### Source material
============

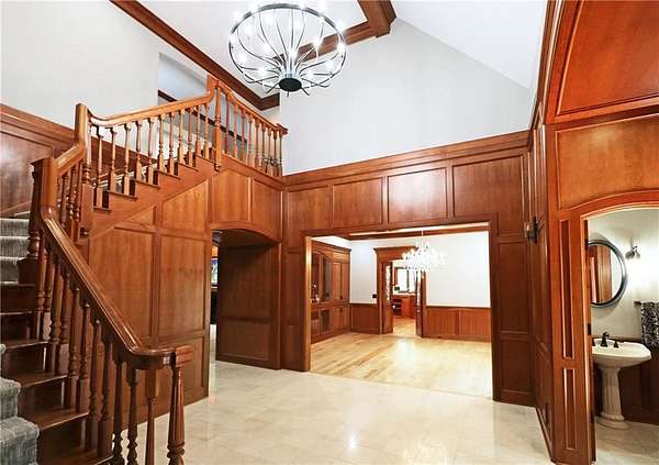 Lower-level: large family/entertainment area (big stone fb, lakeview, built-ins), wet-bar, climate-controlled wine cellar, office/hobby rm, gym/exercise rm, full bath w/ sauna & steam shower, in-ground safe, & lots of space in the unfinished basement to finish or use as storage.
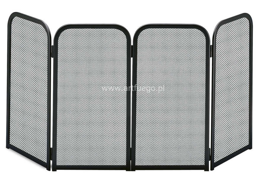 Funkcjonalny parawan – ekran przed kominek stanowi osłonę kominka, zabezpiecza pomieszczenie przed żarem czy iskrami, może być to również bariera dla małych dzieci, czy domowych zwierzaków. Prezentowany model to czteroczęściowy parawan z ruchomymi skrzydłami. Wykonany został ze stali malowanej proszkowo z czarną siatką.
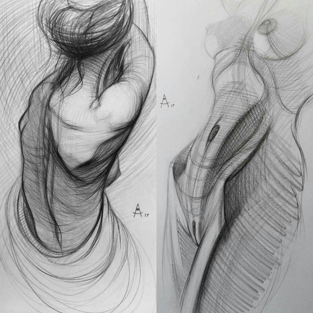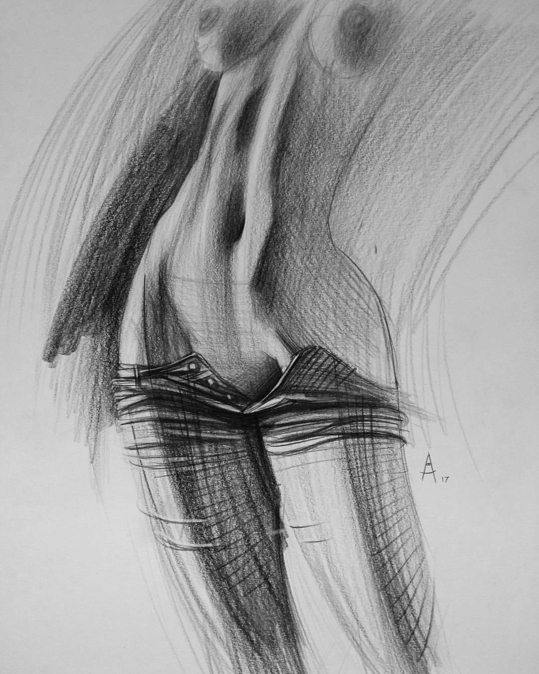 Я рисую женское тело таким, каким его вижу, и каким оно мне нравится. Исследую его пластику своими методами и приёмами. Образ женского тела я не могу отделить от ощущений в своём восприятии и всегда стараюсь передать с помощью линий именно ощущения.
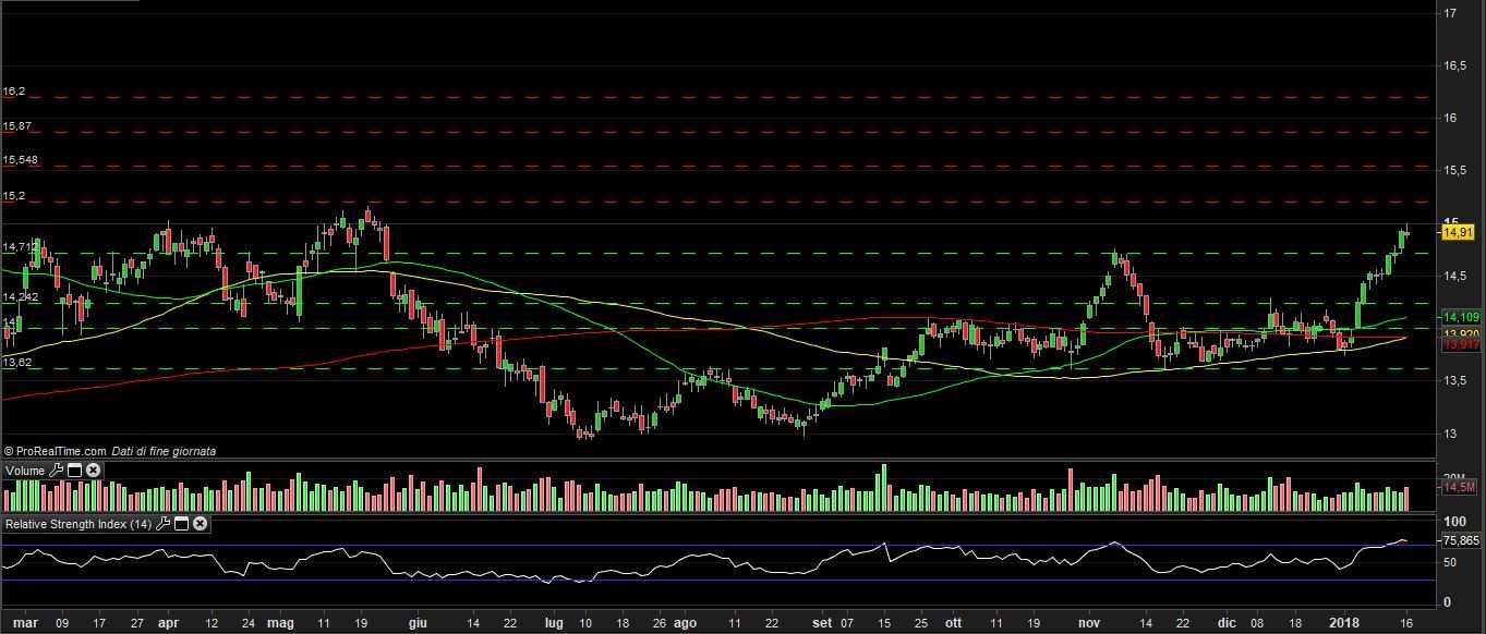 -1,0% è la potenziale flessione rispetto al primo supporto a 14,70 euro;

============

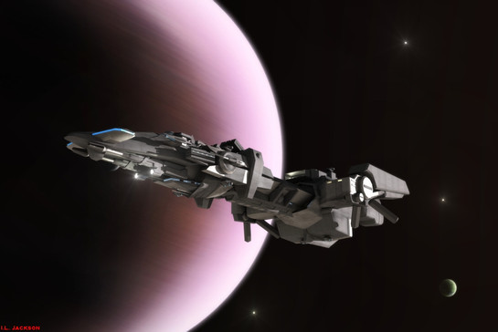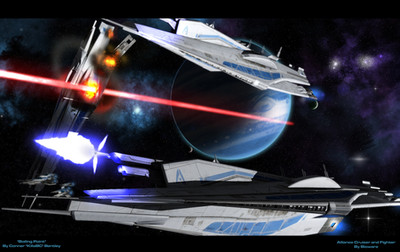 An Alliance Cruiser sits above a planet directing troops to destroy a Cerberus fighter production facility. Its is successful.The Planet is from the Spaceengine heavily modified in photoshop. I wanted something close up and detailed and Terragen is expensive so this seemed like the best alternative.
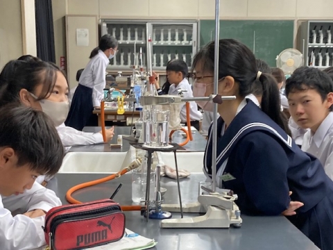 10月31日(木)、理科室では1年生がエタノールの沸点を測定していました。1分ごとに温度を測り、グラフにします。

============

### Your objective
Starting at the line above that holds "Я рисую женское", return each line up to and including the one that holds "-1,0% è la potenziale", exactly as written, minus any pictures.

### Written solution
 Я рисую женское тело таким, каким его вижу, и каким оно мне нравится. Исследую его пластику своими методами и приёмами. Образ женского тела я не могу отделить от ощущений в своём восприятии и всегда стараюсь передать с помощью линий именно ощущения.
 -1,0% è la potenziale flessione rispetto al primo supporto a 14,70 euro;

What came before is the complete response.